The Author, Rahul Gupta, is Practicing Advocate at the Delhi High Court, New Delhi.

Supreme Court of India has very recently pronounced judgments in the matters (Yashwant Sinha & Others vs CBI on 10.04.2019/ Association for Democratic Reforms vs Union of India on 12.04.2019) wherein the court has laid down that government cannot enjoy immunity and privilege at the cost of public interest.

The Supreme court while upholding “public interest” has pronounced that when any deal/agreement/information pertaining to the government is already in the public domain, even though the source of the said information is under challenge being procured in unauthorized manner and more particularly in violation of the provisions of Official Secrets Act, 1923, still the Court shall decide in favor of disclosure and consideration of any such information and evidence if it finds that “public interest” is put to any jeopardy.

On this issue the Bench observed,

Insofar as the claim of privilege is concerned, on the very face of it, Section 123 of the Indian Evidence Act, 1872 relates to unpublished public records. As already noticed, the three documents have been published in different editions of ‘The Hindu’ newspaper. That apart, as held in S.P. Gupta vs. Union of India, AIR 1982 SC, 149 a claim of immunity against disclosure under Section 123 of the Indian Evidence Act has to be essentially adjudged on the touchstone of public interest and to satisfy itself that public interest is not put to jeopardy by requiring disclosure the Court may even inspect the document in question though the said power has to be sparingly exercised. Such an exercise, however, would not be necessary in the present case as the document(s) being in public domain and within the reach and knowledge of the entire citizenry, a practical and common sense approach would lead to the obvious conclusion that it would be a meaningless and an exercise in utter futility for the Court to refrain from reading and considering the said document or from shutting out its evidentiary worth and value. As the claim of immunity under Section 123 of the Indian Evidence Act is plainly not tenable, we do not consider it necessary to delve into the matter any further. 

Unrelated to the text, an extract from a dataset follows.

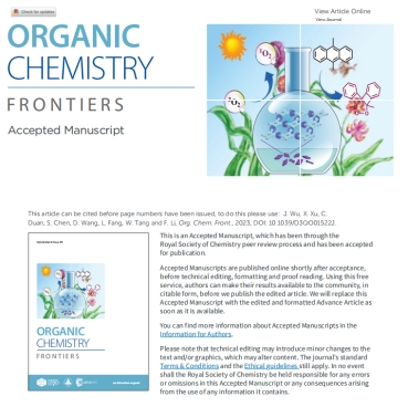 公司李富盛博士在光催化高炔丙醇的选择性合成研究中取得新成果,研究成果《Diastereoselective 1,2-difunctionalization of 1,3-enynes enabled by merging photoexcited Hantzsch ester with chromium catalysis》(DOI: 10.1039/D3QO01522J)在线发表在化学领域Top期刊《Organic Chemistry Frontiers》(中科院大小类均为1区)。其中公司20级制药工程专业吴佳同学为论文的第一作者,21级制药工程专业段崇文、陈姗、王丹、方立馗同学也参与了相关工作,李富盛博士为该论文的唯一通讯作者,sunbet申搏为该论文的唯一通讯单位。

The ultimate test of admissibility of the evidence lies in its relevancy unless there is any express or necessarily implied prohibition in the Constitution or any other law that evidence obtained as a result of illegal search or seizure is liable to be shut out.

Supreme Court has upheld the issue of freedom of press and right of publication to be in consonance with the fundamental rights of freedom of speech and expression guaranteed under Constitution of India and in this regard placed reliance upon the US Supreme Court Judgment in “New York Times Company vs United States” wherein Marshall, J declined to recognize the right of the Government to seek any restraint order on publication of certain papers titled “Pentagon Papers” on the ground that the first amendment to the US Constitution guaranteed freedom of press and did not contemplate any restriction on publication of items or materials specified in the Code.

The Court has rightly held that the claim of privilege under Section 123 of Indian Evidence Act, 1872 relates to unpublished public records and that apart, the claim of immunity against disclosure has to be essentially adjudged on the touchstone of “public interest”.